Proof: Let \(\Omega=\left\{x+i y\in\mathbb C: \log R_{1}<x<\log R_{2}\right\}\) and let \(e(z)=e^{z}\).
We observe that \(e(z) \in \overline{A}\left(0 ; R_{1}, R_{2}\right)\) for \(z \in \overline{\Omega}\). Thus \(e\) is a function from \(\overline{\Omega}\) into \(\overline{A}\left(0 ; R_{1}, R_{2}\right)\). Further it is onto.
Moreover it maps a vertical line in \(\overline{\Omega}\) passing through \((x, 0)\) onto a circle \(\left\{z\in \mathbb C: |z|=e^{x}\right\}\) in \(\overline{A}\left(0 ; R_{1}, R_{2}\right)\).
Next we write \(f(z)=g(e(z))\) for \(z \in \overline{\Omega}\).
We observe that \(f\) is continuous in \(\overline{\Omega}\) and analytic in \(\Omega\). Since \(\overline{A}\left(0 ; R_{1}, R_{2}\right)\) is compact, we see that \(f\) is bounded on \(\overline{\Omega}\).
Thus \(f\) satisfies all the assumptions of the previous theorem.
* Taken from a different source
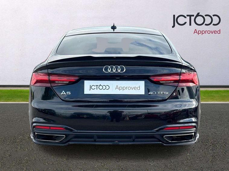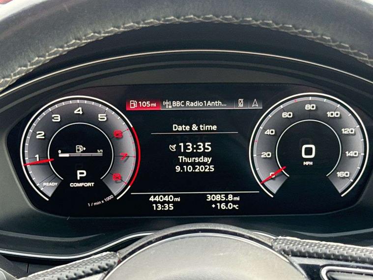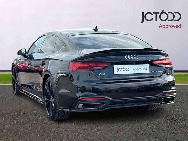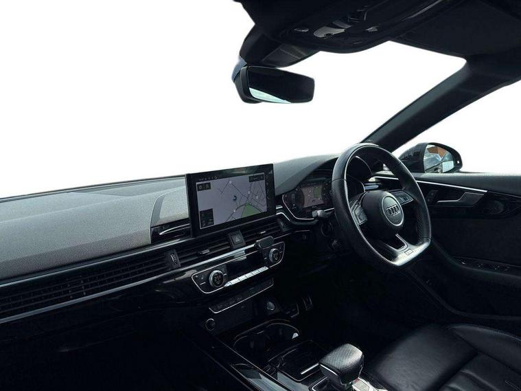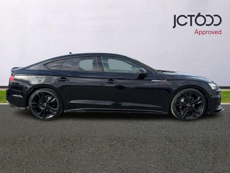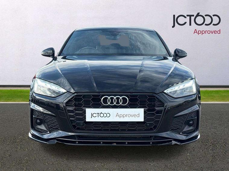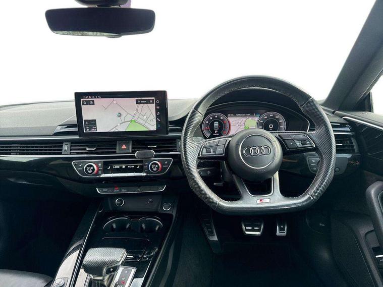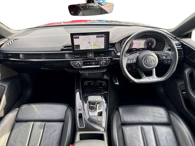 Audi connect safety and service (e-call), Audi drive select (Auto, Comfort, Dynamic, Efficiency and Individual), Audi parking system plus with front and rear sensors, Audi phone box with wireless charging, Audi smartphone interface, Audi virtual cockpit - 12.3" full colour digital instrument cluster, vehicle/engine speed, Radio/media information+Driver assistance systems, Automatic start-stop system with coasting functionality and efficiency programme, Bluetooth interface, Electro-mechanical power steering, Email, calendar and text messages displayed via MMI, MMI nav+ with MMI touch - 10.1" high resolution MMI display, touch sensitive, 3D map, route/country info, dynamic route guide, personal route assist, Power operated tailgate, Rear view camera, Service interval indicator, Voice control system, Sports suspension lowered by 23mm, 8 passive loudspeakers, CD player, DAB digital radio reception, Two additional USB ports for rear passenger in rear centre console, Two SDXC card slots, Auto dimming rear view mirror, Black door mirror housings, Body colour bumpers, Body colour door handles, Body colour front spoiler lip, Body colour side sill trim, Electric adjustable heated door mirrors, Electric folding door mirrors, Electric front windows, Front fog lights, Honeycomb structure radiator grille in grained matt black, Matrix LED headlights with Audi laser light, dynamic light sequencing and dynamic indicator, Matt aluminium silver tailpipe trim, Privacy glass, Rain and light sensors, Rear diffuser in matt titanium black with trim strip in matt aluminium silver, Side air inlets in grained matt black with matt aluminium silver inlay, Sport front and rear bumpers with side skirts, Towbar preparation, Windscreen with acoustic glazing, 4 way electric lumbar support for driver and front passenger, 40/20/40 split folding 3 seater rear bench seat, Adjustable steering column, Black cloth headlining, Black perforated leather gearknob, Contrast stitching on seats, steering wheel and gear lever gaiter, Deluxe 3 zone electronic climate control, Electrically adjustable front seats, Fine Nappa leather upholstery with front sports seats S embossed logo, Front centre armrest, Front head restraints, Front/rear floor mats, Heated front seats, Illuminated door sill trim with S logo, ISOFIX child seat mounting and top tether, Luggage compartment mat, Rear headrests, Stainless steel pedals, Sunvisors with vanity mirrors, Tool kit, Black styling pack - A5 Coupe/Sportback, LED interior light pack - A5/RS5, 3x3 point rear seatbelts, 6 airbags - Driver, front passenger, curtain and side airbags, Electromechanical parking brake, Electronic Stabilisation Control (ESC) including ABS, ASR and EDL, Front passenger airbag deactivation, Height adjustable front seatbelts, Hill hold assist, Multi collision brake assist, Pop-up bonnet for pedestrian protection, Seatbelt monitoring, Tyre pressure warning, Variable restraint system, Warning triangle and first aid kit, Anti theft alarm system, Anti theft wheel bolts, Immobiliser, Keyless Go, Remote central locking, Piano black finish inlay, 20" 5 twin spoke polygon design alloy wheels in gloss anthracite black and gloss turned finish, Tyre repair kit,

Further for \(R_{1} \leq R \leq R_{2}\), we have \[\begin{aligned} M(\log R) & =\sup \{|f(\log R+i y)|: -\infty<y<\infty\} \\ & =\sup \left\{g\left(R e^{i \theta}\right) : 0 \leq \theta \leq 2 \pi\right\}=B(R). \end{aligned}\]
Hence we conclude from the previous theorem with \(a=\log R_{1}\) and \(b=\log R_{2}\) that \[(M(\log R))^{\log R_{2}-\log R_{1}} \leq\left(M\left(\log R_{1}\right)\right)^{\log R_{2}-\log R}\left(M\left(\log R_{2}\right)\right)^{\log R-\log R_{1}}.\]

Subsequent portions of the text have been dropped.